Zach, here are some of my thoughts, slightly rambling because I'm under the weather and my head is foggy. This is from a background of heating land-structures with woodstoves up in northern Minnesota.
Edit stuck in to say that I thought about this more, and realize that you weren't exactly proposing to cool the pipe, and it kind of sounds like I thought you were. Actually, double pipe is often used to insulate the pipe and keep it hot inside and cool outside (like in an attic, where there's insulation between the two pipes structure; or in a heated room, where if you have a low clearance situation you can buy double metal pipe that's not insulated between)

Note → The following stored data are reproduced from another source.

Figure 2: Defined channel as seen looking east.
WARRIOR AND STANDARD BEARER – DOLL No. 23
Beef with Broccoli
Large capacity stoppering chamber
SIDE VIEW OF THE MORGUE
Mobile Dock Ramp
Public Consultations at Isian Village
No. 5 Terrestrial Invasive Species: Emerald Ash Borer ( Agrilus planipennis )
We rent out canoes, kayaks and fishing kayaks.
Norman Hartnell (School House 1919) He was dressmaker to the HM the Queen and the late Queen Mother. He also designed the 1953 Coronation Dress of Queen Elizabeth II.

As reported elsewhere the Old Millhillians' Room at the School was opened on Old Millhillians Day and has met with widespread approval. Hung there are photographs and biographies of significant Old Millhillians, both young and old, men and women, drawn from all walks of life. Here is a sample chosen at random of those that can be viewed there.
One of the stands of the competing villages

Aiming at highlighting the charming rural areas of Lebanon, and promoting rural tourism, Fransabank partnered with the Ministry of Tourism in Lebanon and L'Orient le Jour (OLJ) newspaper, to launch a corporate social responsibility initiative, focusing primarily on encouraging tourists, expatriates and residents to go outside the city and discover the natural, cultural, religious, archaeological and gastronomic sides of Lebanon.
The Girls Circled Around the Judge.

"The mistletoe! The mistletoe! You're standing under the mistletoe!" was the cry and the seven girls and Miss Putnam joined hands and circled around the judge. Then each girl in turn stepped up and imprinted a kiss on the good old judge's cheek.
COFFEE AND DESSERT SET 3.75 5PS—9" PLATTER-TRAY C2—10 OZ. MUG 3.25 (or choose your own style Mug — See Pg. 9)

Now back to my previous diatribe:
I don't think there's anything wrong with a hot flue. When burning wood (not saying you'll be doing this, but if you are), it's actually desirable, because it keeps creosote from forming inside the chimney (which can catch on fire and cause a chimney fire - those are scary). When you have a home woodstove, you're always endeavoring to keep the chimney or flue-pipe nice and hot. Not ridiculously hot, of course, but the last thing you want to do is "cool" the flue. One gadget that's handy for getting a feel for temps is something they make for metal stove pipes which is a magnetic thermometer. Very inexpensive and shows you what's going on (I suppose these days you could use an infrafred thermometer, but these are handy and simple and just sit there working all the time.)

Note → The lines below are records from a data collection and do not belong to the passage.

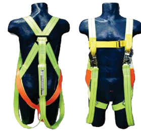
HARNESS DOUBLE LANYARD SHOCK ABSORBER WITH SNAP HOOK One size fits all. A030-G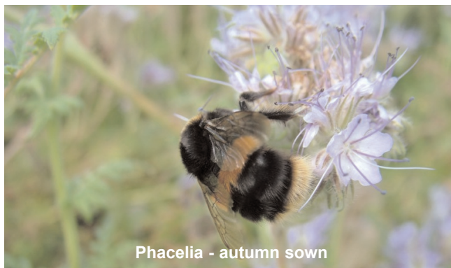
Phacelia - autumn sown

If you want an autumn sown mixture to attract the farmland birds then sow MAGNET!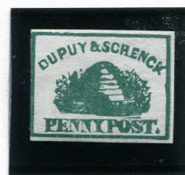
FORGERY C TAYLOR - FORM 4 1¢ GREEN ON WHITE LAID (60L1)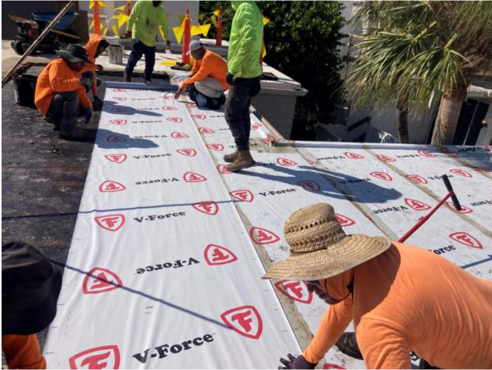
Figure 5 – Secondary Water Resistance - Yes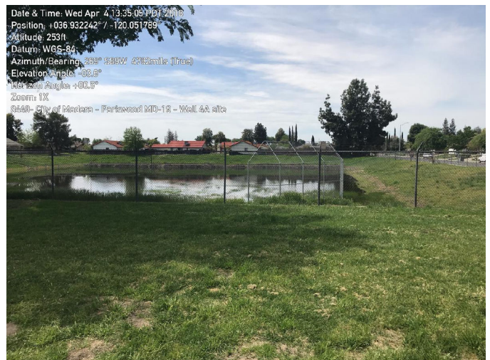
6: Stormwater retention basin west of proposed Well 4A location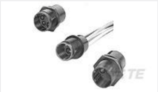
TE Part #859526-4 4 CAV FLANGED RECEPT KIT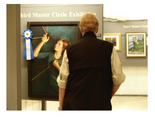
Viewing the PastelWorld Exhibition.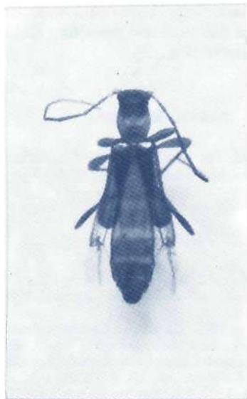
FIG. 2. Female Nathrius brevipennis (Mulsant)

N. brevipennis was described originally as Leptidea brevipennis Mulsant 1839, Coleoptera, Cerambycidae. Mulsant overlooked however that Billberg 1820 had established the same generic name Leptidea for a species of the family Pieridae (Lepidoptera). According to the rules of nomenclature, Mulsant could not use the above name owing to Leptidea Billberg (Paclt 1946). In addition, according to Linsey 1963, "this genus is based upon a single anomalous species which has been distributed by commerce to various parts of the world and renamed several times as a result". Thus, the genus has today the name Nathrius Brethes 1916. As synonyms of this insect have been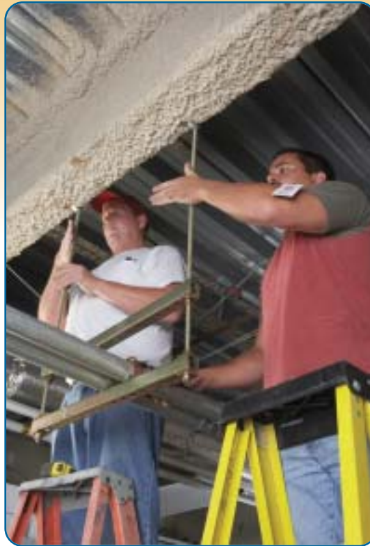
Standard installation requires manual threading of bolt on threaded rod.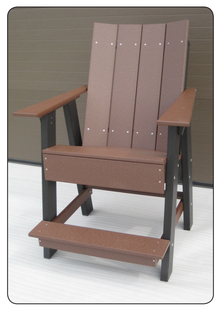
Step 4 Your high adirondack chair is now complete. Thank you for purchasing from Wildridge.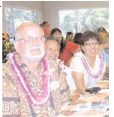
below: Arcadia Retirement Residence Team partners in the new facility

What keeps the whole thing safe is a proper installation. That is, it should be installed in such a way that you don't have to worry if the flue gets hot (normally hot, anyway). In houses you achieve this mostly with air space, especially behind a suspended shield (i.e. metal sheet that's held 1" off the bulkhead, or the like). In home installations with metal pipe, there's a big, bulky, sheet metal fitting that carries the pipe through the rafters and roof safely, with lots of air space. There are similar things for boats, often with a well that's meant to have water in it. You can see lots about this at the oft-mentioned
www.marinestove.com They have installation diagrams, etc. It's also important to keep the flue as small in diameter as the mfgr. recommends, because a larger flue will allow cooling and also compromise the draft.
I don't believe diesel heaters get quite as hot as solid fuel, but the principles are similar. When I was in Northern British Columbia for a season, we had a Sigmar diesel heater (a fine unit) mounted on a bulkhead and ran it about 16 hours a day (always on except when sleeping). This was on a 10' beam 30-footer. I didn't install the stove, but it seemed like a mostly-good installation and we never had any overheating of the boat parts that I detected.
That said, I would have added more heat shielding of the bulkhead wood, were it my boat, especially in that little gap above the stove body, and then again on the upper bulkhead. Although the charring of the wood you see is from a previous owner's woodstove installation. The thing is that if wood gets really hot, over and over, it lowers the burn point, and then it can catch fire much more easily than it would have to begin with. We did have some metal heat shielding on the bulkhead behind the stove (this came with the stove, I think), and also behind the stovepipe (purpose fit). The stove was mounted near the sole, so no overhead protection was necessary. The through-deck fitting was not the water ring type.
There was also some perforated metal shielding around the flue pipe lower down, so that if you touched it you weren't touching super hot pipe. I'll put in a couple of photos that show it to some extent.
So I guess if it were me, I'd be thinking about installing in such a way that the flue can safely get reasonably hot, more than trying to keep the flue cool.